I'd never want to discourage people from contributing to the Zen Cart community. Giving back in this way is admirable and I hope that you won't be discouraged. However, I have to disagree with both your statements aboveI don't see this as an improvement. Admin Profiles is very secure. Your extension to it is full of holes. This is most likely why the Zen Cart team have chosen to treat it as a separate mod. I'd recommend starting a separate support thread so that they can be dealt with without confusing support for the main mod.
Unfortunately that only closes one route to access products outside of an admin's allowed categories. They can still access ANY product through other routes (I don't really want to discuss how on a public forum) and get at many products by simply using other Admin facilities.

What you set out to do can be done. Earlier in this thread I listed all the files that needed to be changed to do it securely. But it's a lot of files and and it would mean that the resulting mod would clash with many others. In addition, the number of intrusions into core code would also make this very difficult and expensive to maintain.

I can see from what you did that your technical skills are sufficient to do this. You just need to give more thought to all the ways of accessing and editing products. However, unusually, I wouldn't recommend releasing it for general use, unless you are prepared to dedicate significant amounts of time to supporting other community members trying to use it.

---

Quote:

---

Originally Posted by kitcorsa

believe i have found a problem. i have 1.3.8 running with admin profiles / privliges. after installing image handler it over rides the admin profiles mod.

With admin profile i am ment to be able to deny other admins access to areas and hide the unused buttons. This was working correct. After installing image handler all the buttons now show but still when clicked get the no access warning.

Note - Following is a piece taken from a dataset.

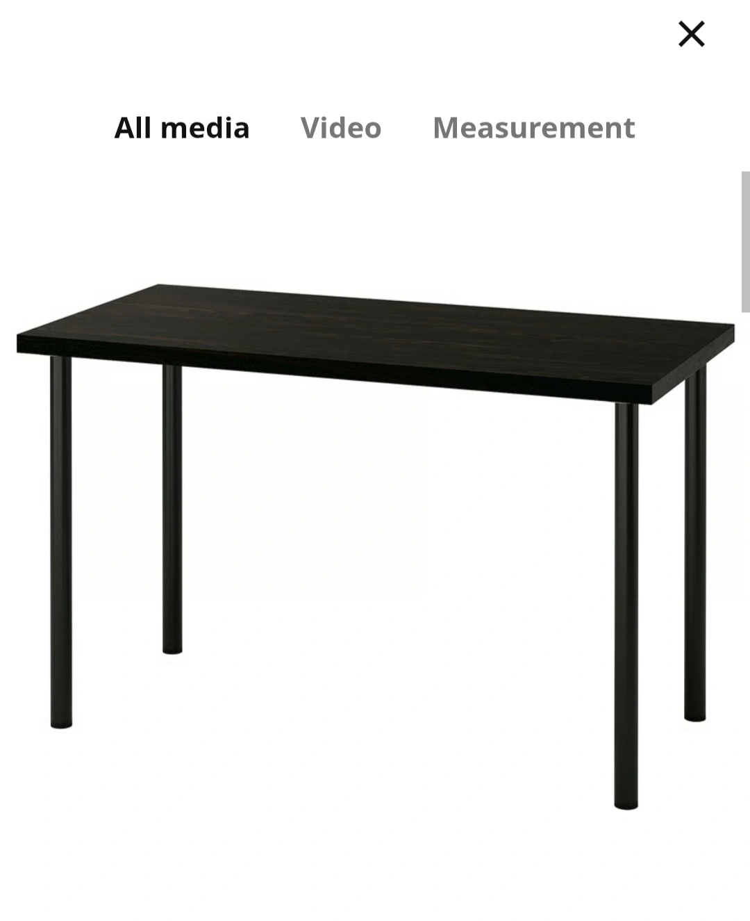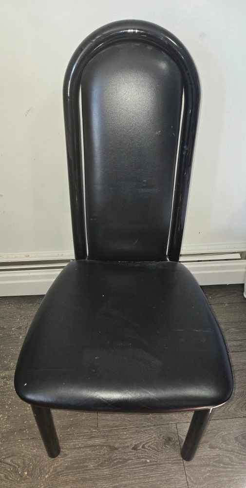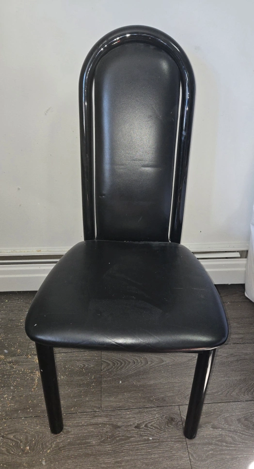 Selling a desk and 4 leather chairs. The desk appears to be an IKEA desk with dimensions of 120 cm (47 1/4") x 60 cm (23 3/4") and a height of 73 cm (28 3/4"). The chairs are black leather with a padded seat and back.

This makes the admin section very cluttered and not how i want it.

---

If when installing other mods you over-write the Admin Profiles files then it will stop working, partially or completely. Though I puzzled as to how you would do that when installing Image Handler as that mostly adds rather than replaces existing files. But I would look carefully at your box files, as these are the ones that would have the efect that you describe.

Quote:

---

Originally Posted by giuly

I have solved I didn't yet installed the step 3 of install.txt so now it's ok.
Last thing, if I don't create a menu admin box is it the same thing? Or is it necessary?

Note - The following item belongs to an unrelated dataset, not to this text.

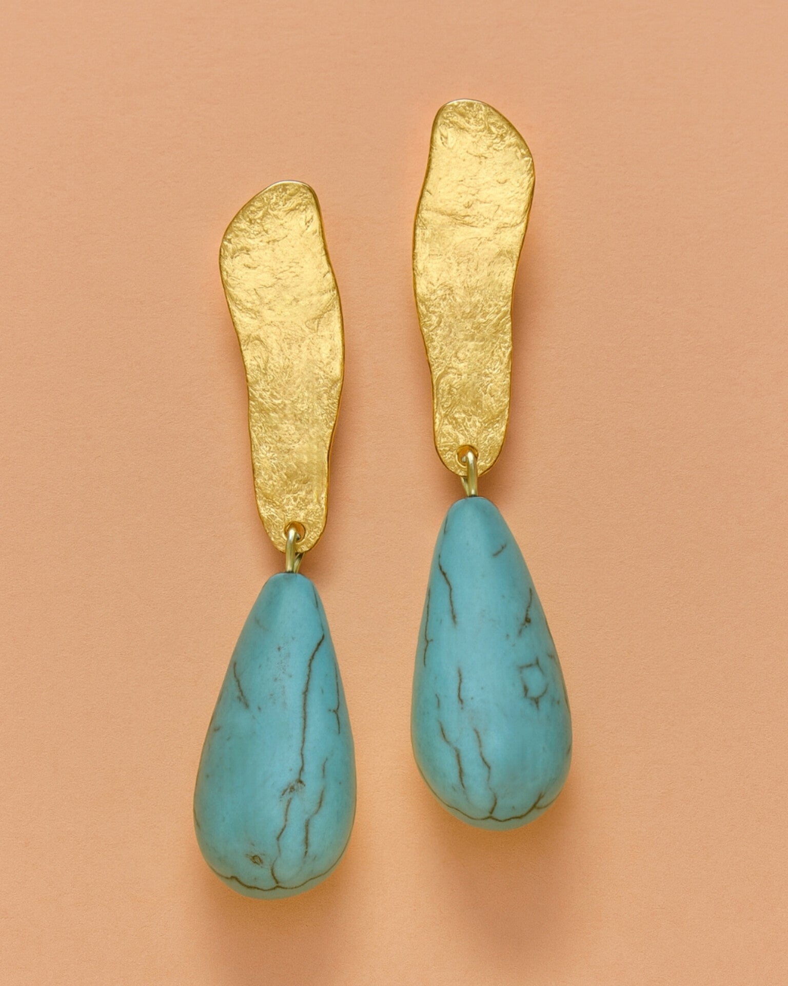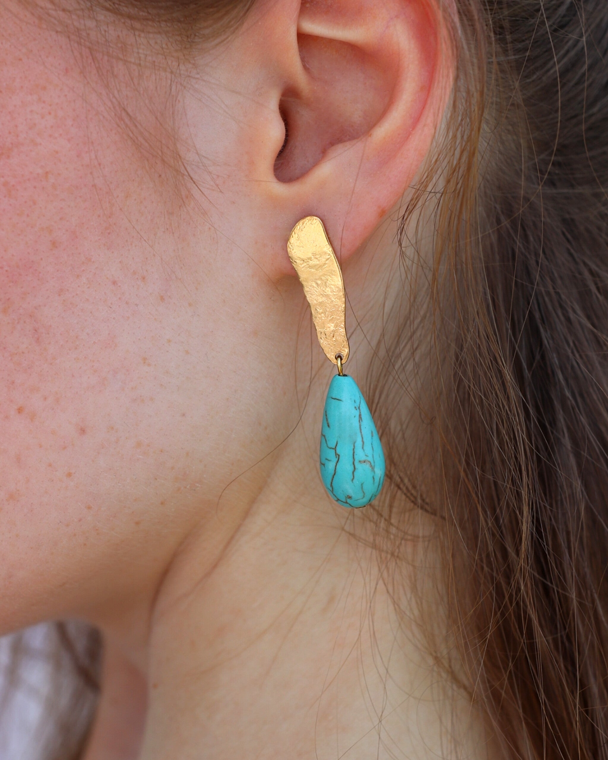 Earrings with simple lines and an irregular shape. They are made of textured brass and turquoise in the shape of a drop. All metal elements are made of brass, except for the needle, which is made of medical steel.

I see all from admin>tools>admin settings

---

If you don't adjust the box files as instructed users will still be restricted from visiting pages to which they are not supposed to have access, but they will see them in the menus as you will not have put in place the code to stop that.

Quote:

---

Originally Posted by yellow1912

Another idea, is to do a catch:
You have an init file catch the get string, then analyze it and refuses access if needed.

---

That can cover some of the restrictions needed, but to restrict access by category completely, it's still often necessary to turn off functions within specific pages, as the URLs available to the init file are often to general to enable them to be used as a filter.